Pfsense system crash
-
@stephenw10 said in Pfsense system crash:
That's a good test. You should be able to see a memory leak in ntop-ng in the top output though.
It could also be ntop struggling due to traffic from some other issue.
Steve
With ntop-ng disabled I have not had any issues so far. A YT video I watched recommended that ntop-ng not be running all the time anyway since it is somewhat of of resource hog.
Thanks.
-
@stephenw10 I have been running pfsense now for 22 days but just now am not being served any ip addresses and cannot log in. My cable modem says everything is fine so it's pfsense not running. CTL+t does respond with
"load: 0.00 cmd: login 53946 [tx->tx_sync_done_cv] 1881545.20r 0.00u 0.00s 0% 2708k"
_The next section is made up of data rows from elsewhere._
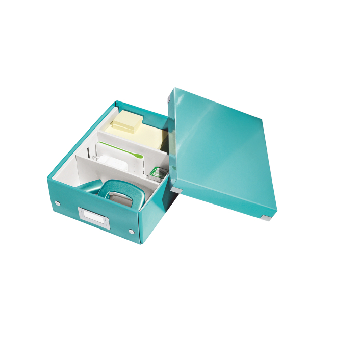 Malá štýlová skladacia krabica s vekom a s rámčekom na štítok. Na usporiadanie nabíjačiek, káblov a ďalšieho vybavenia kancelárie. Veľkosť S. Na prvý pohľad vidíte, čo sa vojde dovnútra! Výška krabice bola navrhnutá tak, aby vám poskytla dostatok priestoru na uloženie príslušenstva a zároveň zabránila skladaniu vecí na seba. Na vylepšenie usporiadania obsahu krabice použite priložený vnútorný systém priehradiek. Môžete rozdeliť krabicu na 2 alebo 3 časti a zabrániť tak miešaniu káblov alebo fotiek. Inteligentná skladacia konštrukcia: rýchle a jednoduché zloženie bez nutnosti použitia skrutiek a možnosť opätovného rozloženia na úsporu miesta, keď krabicu práve nepotrebujete. Moderný vzhľad a farby na skrášlenie vašej kancelárie alebo domova. Lesklé vyhotovenie vytvára prvotriedny vzhľad škatule a umožňuje dlhodobé používanie a jednoduché utieranie prachu. Rámček na štítok pre jednoduché označenie obsahu. Materiál pevný kartón potiahnutý polaminovaným papierom. Farba ľadovo modrá.
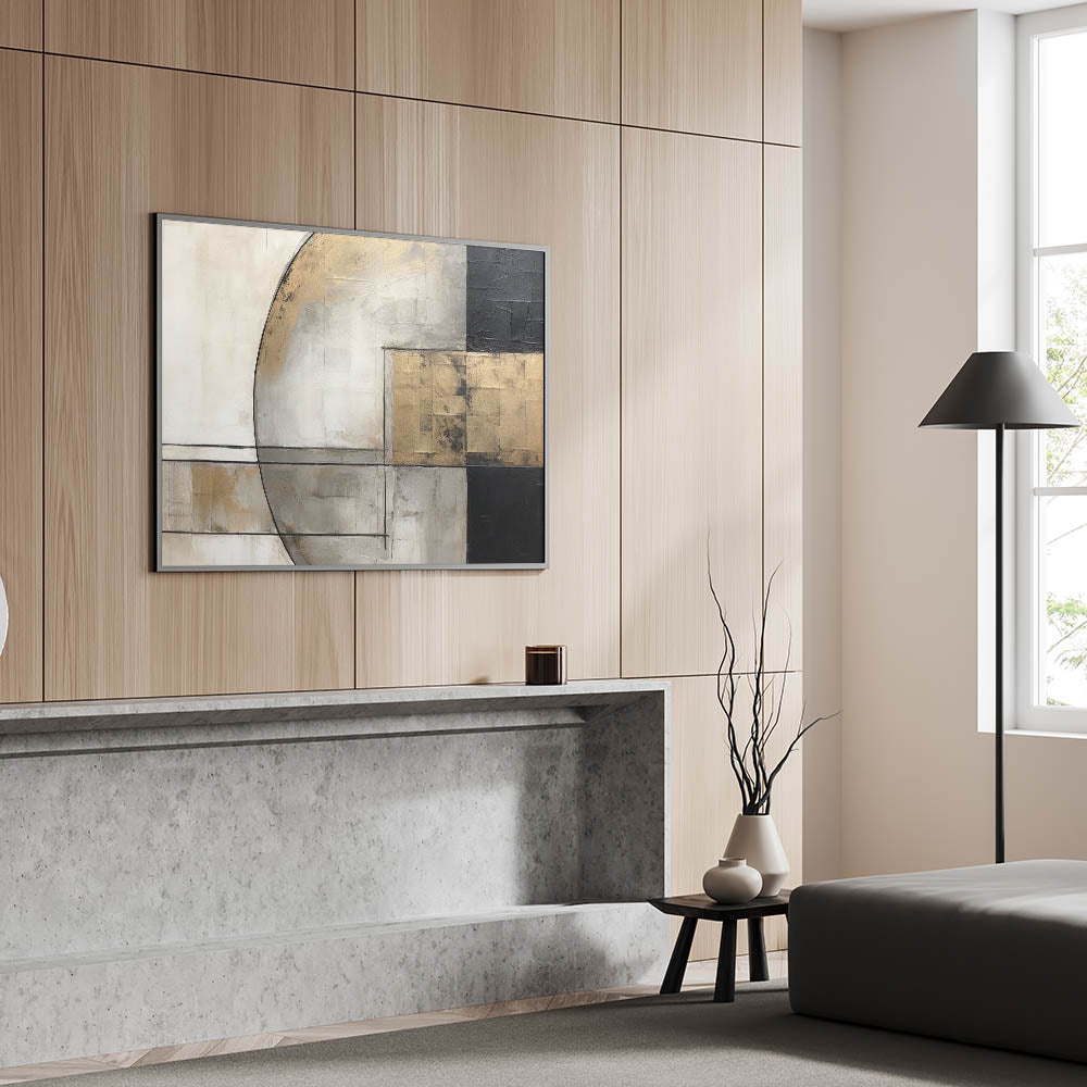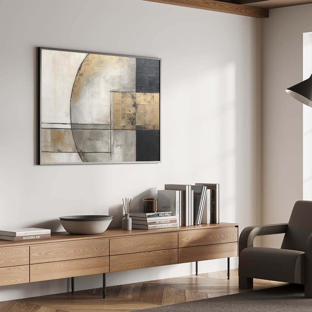 Enhance your space with this stunning Modern Strokes and Lines Abstract Art on Canvas, a captivating piece that seamlessly blends geometric line designs with contemporary brush strokes. This artwork features a dynamic interplay of black, white, and gold tones, creating a sophisticated and modern aesthetic. The bold lines and geometric shapes bring depth and movement to the piece, making it a perfect focal point for any room.
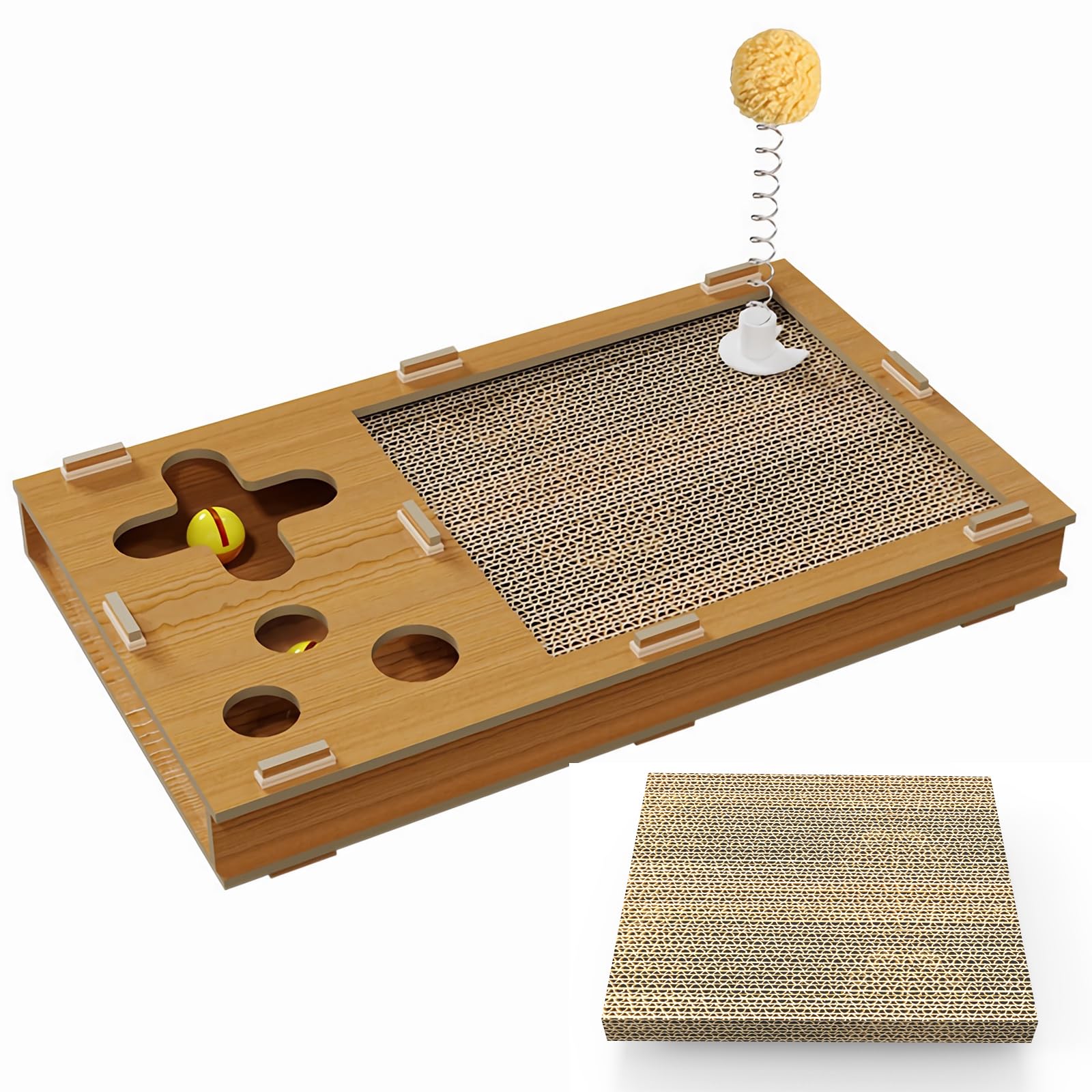 لوح خدش للقطط من الورق المقوى مع ألعاب متعددة ولعبة كرة، وسادة خدش للقطط المموجة مع لوح بديل من ايسو.

Anything else I should do? I know a reboot will fix it for a while.
-
Here is a pic of the monitor connected and the output before the crash.
-
@vcr58 said in Pfsense system crash:
Here is a pic of the monitor connected and the output before the crash.
Your issue is related to write-io to the system disk. It seems your disk goes missing/not responding. This also supports why you get better stability without NtopNG as that package in particular does A LOT of write I/O.
Strange that it only happens with ZFS and not UFS. But ZFS uses a very different write strategy, and is a quite write intense in bursts opposed to UFS. So it would seem your SSD/eMMC/HDD is the culprit. Please remember that especially eMMC and NTopNG is not a good match as the write endurance could be worn out in a matter of a year or two.
-
Mmm, that looks like a bad/failing disk. It should never stop responding like that.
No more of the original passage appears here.